Вы здесь

Сфумато. Глава 7 (Ю. Л. Купер, 2015)

Глава 7

– Как драгоценное? – с хитрой ухмылкой спросил Лука.

У меня этот вопрос вызвал грустную улыбку. Казалось нелепым, что он интересуется здоровьем мертвого. Я попытался подняться, но не смог – чувствовал я себя довольно неважно. Кружилась голова и подташнивало, как бывает при морской болезни. Словно я находился на корабле в штормовую погоду.

Вроде мы не так уж много выпили вчера с Жераром в ресторане мотеля. Лука куда-то исчез, а вокруг в гамаках-койках лежали незнакомые мне люди. Было похоже, что мы находимся на борту какого-то корабля. Многих рвало прямо на подушки.

Я обратил внимание на мужчину и женщину. Они почему-то лежали вдвоем в одной койке, похожей на огромную авоську. Лица мужчины я не видел: он лежал спиной ко мне. Женщина испуганно выглядывала из-за его плеча.

Казалось, что они были заняты «этим». Хотя я не могу утверждать, поскольку авоську раскачивало так сильно, что это могло только казаться. Даже ее сдавленные стоны могли просто быть реакцией на сильную качку.

– Где мы? – спросил я лицо, выглядывающее из-за плеча мужика.

Мужик неожиданно обернулся ко мне.

– Ты что, проснулся, что ли? – спросил он спокойно и с легкой досадой человека, которого оторвали от серьезного дела. – Мы посреди океана, между Южно-Сахалинском и Шикотаном. Или тебе на карте показать? – И, повернувшись спиной, продолжил раскачиваться в авоське-люльке со своей соседкой.

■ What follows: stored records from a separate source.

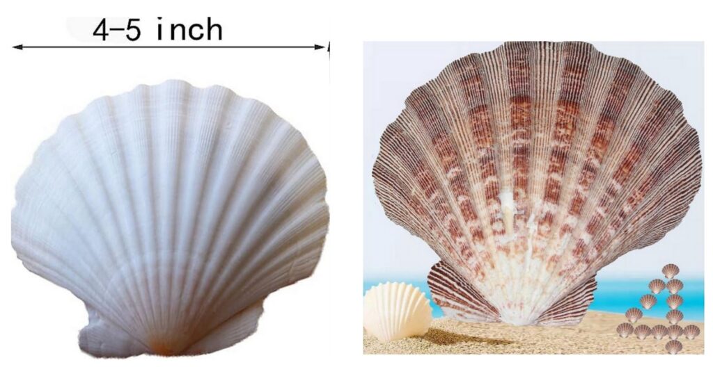 4-5 inch white scallop / 5-6 inch lion’s paw scallop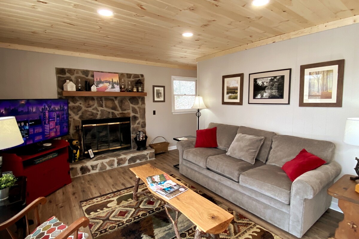 Terletak di Sky Valley Resort dan Country Club yang indah, kabin/pondok kami yang telah direnovasi sepenuhnya dan menawarkan nuansa pedesaan rumah pertanian. Rumah ini memiliki pemandangan 360 derajat dengan pembungkus di sekitar teras, semua perabotan baru, pencahayaan yang luar biasa, 3 TV pintar, dan banyak fasilitas. Perhatian terhadap detail dengan cinta dimasukkan ke dalam rumah kami. Kabin mudah dijangkau dari jalan utama. Kami memiliki ruang tamu konsep terbuka, perapian listrik, dua kamar mandi lengkap, 2 kamar tidur besar dengan lemari yang luas & tempat tidur sofa berukuran queen.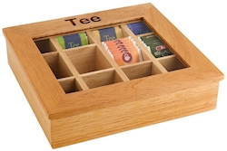 Teebox Holz mit Sichtfenster 12 Kammern für kuvertierte Teebeutel, 31 x 28 x 9 cm Art.Nr.: 5403-11775 Stück CHF 39.60 Zur Merkliste hinzufügen Zum Vergleich hinzufügen Zum Warenkorb hinzufügen
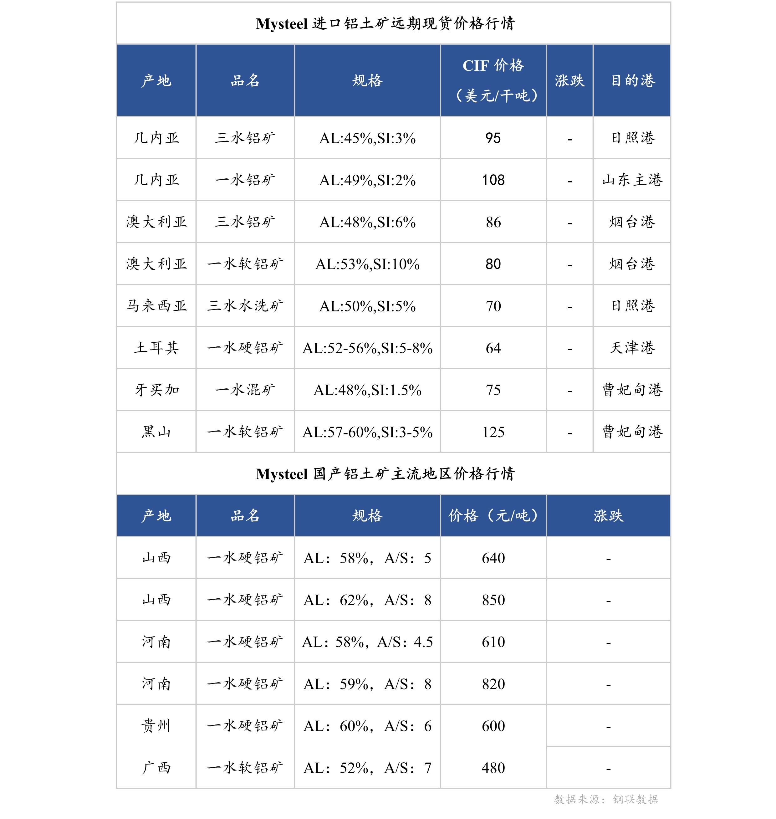 3月7日铝土矿价格僵持运行。据Mysteel调研,三门峡地区手续齐全的矿山正在逐步复采。经过长期停采,目前正处于整顿阶段,出矿还需一段时间。主流进口矿价格平稳运行。近期氧化铝价格稳中偏弱,对采购铝土矿仍持谨慎观望态度,市场活跃度低。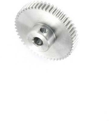 Homlokfogaskerék acélból modul 0,5 A kerékagyakban két M3 belsőmenetes furat van, a veleszállított hernyócsavarral erőátvitelt biztosító kapcsolat hozható létre a fogaskerék és a tengely között. Műszaki adatok: Anyag: acél · Fogak száma: 50 · Fogszélesség: 4 mm · Furat: 4 mm · Kerékagy hossz: 5 mm · Kerékagy Ø: 10 mm · Modul: 0,5 · Átmérő: 26 mm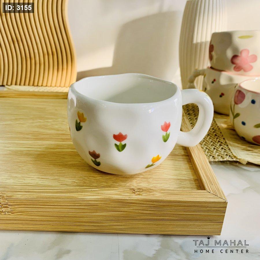 مج يدوي بنقشة زهرة التوليب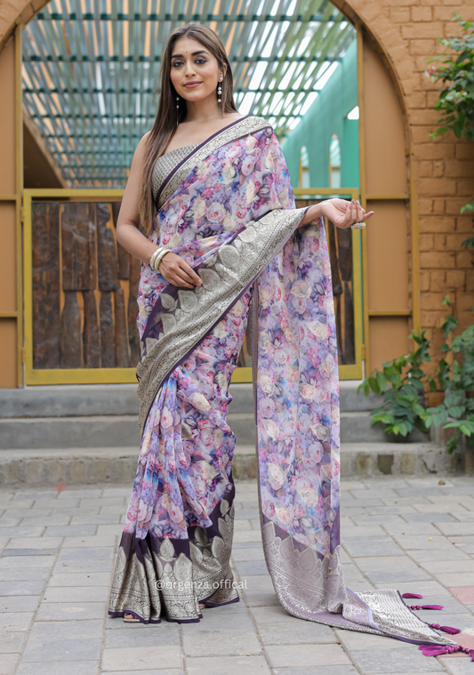 Purple Colour Pure Organza Silk Floral Anarkali Kurtis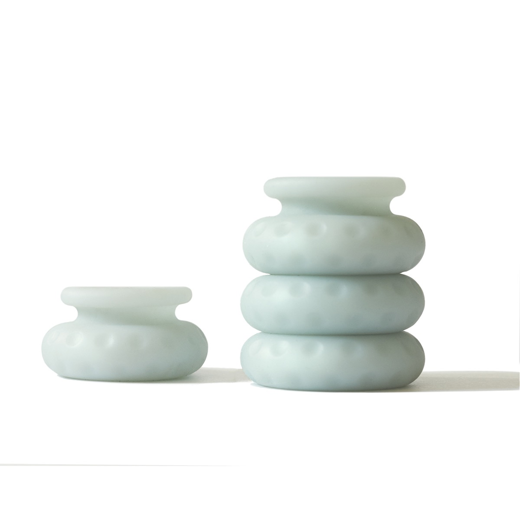 “It was effortless and unobtrusive. Very easy to adjust, adding or subtracting rings without disrupting sex. It also worked as a gentle cock ring, creating a strong, long lasting, and thick sensitive erection. I unexpectedly also loved the aesthetic, looked like jade bands fit for an emperor. As someone who experiences pain from penetration in a myriad of ways- starting with all the rings and taking them off one by one really allowed me time to relax without anticipating depth pain. My vag had time to tent and lube up more and the actual muscles were being pleasantly rubbed on without being stabbed. And since I wasn't tensing and wincing the muscles at the entrance relaxed reaaal quick.”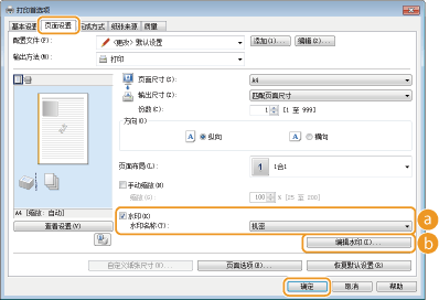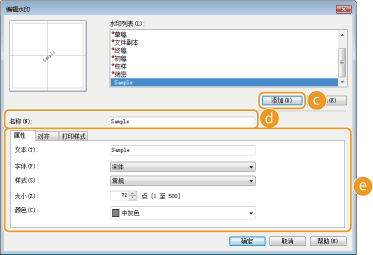单击各选项卡指定水印名称的文本、颜色或打印位置。更多设置信息,请单击打印机驱动程序画面上的 [帮助]。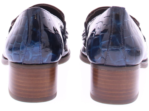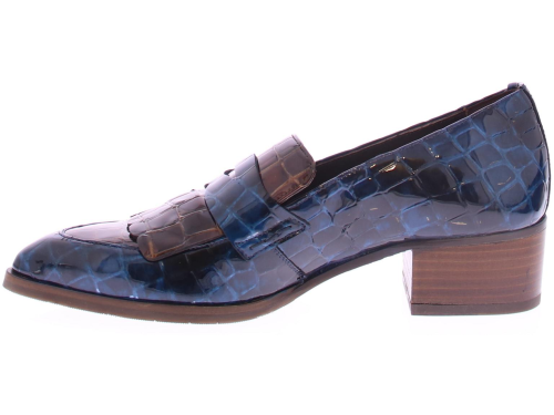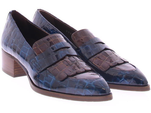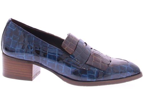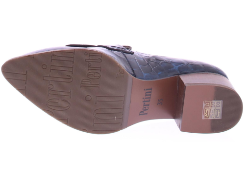 Bruin met blauw crocoprint lak leren dames instapper van Pertini. Deze instapschoen is uitgevoerd in gecombineerd leer met laklook en dierenprint in de kleuren bruin en blauw. De schoen heeft een bandje over de wreef met jamboree klep. De hak heeft een hoogte van 4 cm

Мужик сильно смахивал на Кирилла. «Может, это он? – подумал я. – Но как он попал сюда? А ты сам-то как оказался здесь?» – спросил я себя, понимая, что тоже нахожусь в таком же гамаке.

– Люся приглашает нас в баню, – не поворачивая головы, произнес мужик. – Обещает подогнать сестру. Ты, надеюсь, не против?

– Давай не загадывать, – произнес я, не разжимая губ, изо всех сил сдерживая тошноту.

Качка постепенно стихала, я вылез из гамака-авоськи и поплелся на палубу. Повсюду валялись блюющие школьники. Казалось, весь корабль был покрыт морской пеной. Я с трудом дотащился до борта и, уже устав сдерживаться, отдал всего себя на милость ветра и соленой волны. В этот момент я готов был поверить в существование ада.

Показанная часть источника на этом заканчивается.